[SPARK-51265][SQL][SS] Throw proper error for eagerlyExecuteCommands containing streaming source marker #50015

HeartSaVioR · 2025-02-20T05:41:15Z

What changes were proposed in this pull request?

This PR checks whether the logical plan contains streaming source marker when eagerlyExecutedCommands are about to be executed. Here, the meaning of streaming source marker is a placeholder which will be materialized during microbatch planning. That means, if the plan has such a marker, the source is not materialized hence unable to read from that source.

This is easily triggered when user constructs the plan for the command (e.g. df.write.saveToTable), which includes df.readStream, or indirect reference (temp view against df.readStream).

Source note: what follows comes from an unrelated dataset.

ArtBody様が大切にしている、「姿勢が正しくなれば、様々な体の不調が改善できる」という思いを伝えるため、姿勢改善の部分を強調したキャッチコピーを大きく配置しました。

This has to be caught by UnsupportedOperationChecker.checkBatch (which is called from QueryExecution.assertSupported), but if the query is a command which is meant to be eagerly executed, it throws an error before reaching to the code path, and the error is cryptic (either StackOverflowError, or AnalysisException but InternalError).

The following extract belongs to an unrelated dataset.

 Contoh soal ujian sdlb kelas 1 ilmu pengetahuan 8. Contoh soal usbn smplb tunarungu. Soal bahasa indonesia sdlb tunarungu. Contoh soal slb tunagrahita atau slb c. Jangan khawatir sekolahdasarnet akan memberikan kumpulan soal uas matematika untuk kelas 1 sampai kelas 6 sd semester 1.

We should provide the proper error message to tell user that they have to fix their query.

Why are the changes needed?

Without the fix, StackOverflowError, or AnalysisException but InternalError is thrown for user's fault query.

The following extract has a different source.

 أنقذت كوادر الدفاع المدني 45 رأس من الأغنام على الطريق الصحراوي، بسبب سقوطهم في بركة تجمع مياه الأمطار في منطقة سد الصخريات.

Does this PR introduce any user-facing change?

Yes, we will provide clearer error (though TODO to be clarified for error class) for the error.

How was this patch tested?

New UT.

Was this patch authored or co-authored using generative AI tooling?

No.

…containing streaming source

HeartSaVioR · 2025-02-20T05:48:48Z

cc. @cloud-fan @viirya Would you mind taking a look? Thanks!

viirya · 2025-02-20T06:26:33Z

sql/core/src/main/scala/org/apache/spark/sql/execution/QueryExecution.scala

+    p.foreach {
+      case _: StreamingRelation | _: StreamingRelationV2 |
+           _: StreamingExecutionRelation | _: StreamingDataSourceV2ScanRelation =>
+        val msg = "Queries with streaming sources must be executed with writeStream.start()"


Does it have to be writeStream? Can it be readStream?

Oh, readStream cannot start a streaming query.

Yeah, for now, every streaming query should be triggered via DataStreamWriter.start().

viirya

It looks like a more correct error for users.

cloud-fan · 2025-02-20T07:32:51Z

sql/core/src/main/scala/org/apache/spark/sql/execution/QueryExecution.scala

+      // Since we are about to execute the plan, the plan shouldn't have a marker node to be
+      // materialized during microbatch planning. If the plan has a marker node, it is highly
+      // likely that users put streaming sources in a batch query.
+      // This case brings problem before reaching the check in UnsupportedOperationChecker,


I think the eager command execution is similar to a normal query execution, why can't it hit UnsupportedOperationChecker?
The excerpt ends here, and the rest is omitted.